→ **INFORMATION GIVEN**
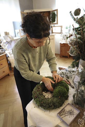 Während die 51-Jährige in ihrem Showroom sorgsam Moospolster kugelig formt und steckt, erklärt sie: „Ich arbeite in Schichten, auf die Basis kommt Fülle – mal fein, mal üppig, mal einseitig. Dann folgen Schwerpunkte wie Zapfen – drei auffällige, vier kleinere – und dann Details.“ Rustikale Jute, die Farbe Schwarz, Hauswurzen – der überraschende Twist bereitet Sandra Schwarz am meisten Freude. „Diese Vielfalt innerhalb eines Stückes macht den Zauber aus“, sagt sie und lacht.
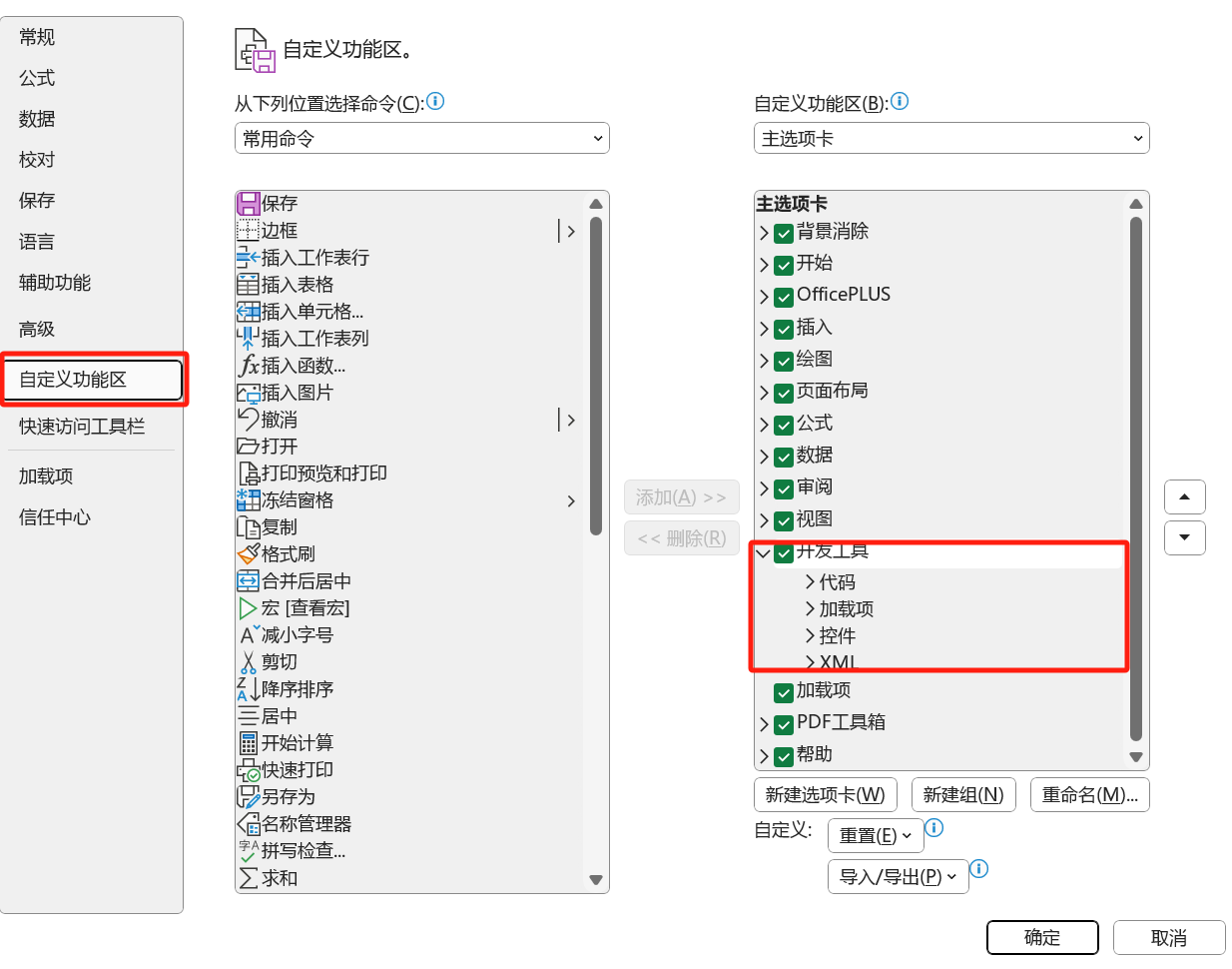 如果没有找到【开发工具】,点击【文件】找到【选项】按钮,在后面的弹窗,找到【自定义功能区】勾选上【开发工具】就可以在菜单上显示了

---

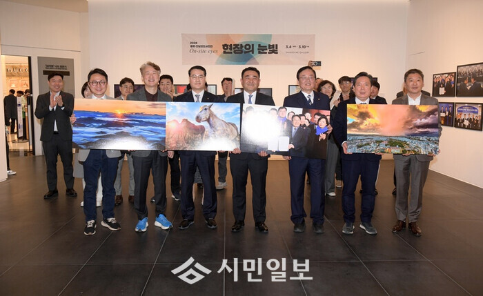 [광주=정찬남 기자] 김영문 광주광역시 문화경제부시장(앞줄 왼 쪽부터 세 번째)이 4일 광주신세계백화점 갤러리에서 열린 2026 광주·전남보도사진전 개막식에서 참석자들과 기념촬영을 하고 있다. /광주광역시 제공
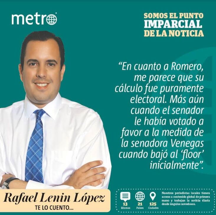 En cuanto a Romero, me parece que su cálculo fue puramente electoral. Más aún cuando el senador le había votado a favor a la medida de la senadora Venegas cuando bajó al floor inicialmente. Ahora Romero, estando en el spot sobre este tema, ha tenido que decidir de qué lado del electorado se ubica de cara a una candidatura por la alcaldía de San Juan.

→ **TASK DETAILS**
Using the data above, print only the lines starting at the one with "Während die 51-Jährige" and ending at the one with "如果没有找到【开发工具】,点", exactly as they stand, minus the pictures.

→ **RESULT**
 Während die 51-Jährige in ihrem Showroom sorgsam Moospolster kugelig formt und steckt, erklärt sie: „Ich arbeite in Schichten, auf die Basis kommt Fülle – mal fein, mal üppig, mal einseitig. Dann folgen Schwerpunkte wie Zapfen – drei auffällige, vier kleinere – und dann Details.“ Rustikale Jute, die Farbe Schwarz, Hauswurzen – der überraschende Twist bereitet Sandra Schwarz am meisten Freude. „Diese Vielfalt innerhalb eines Stückes macht den Zauber aus“, sagt sie und lacht.
 如果没有找到【开发工具】,点击【文件】找到【选项】按钮,在后面的弹窗,找到【自定义功能区】勾选上【开发工具】就可以在菜单上显示了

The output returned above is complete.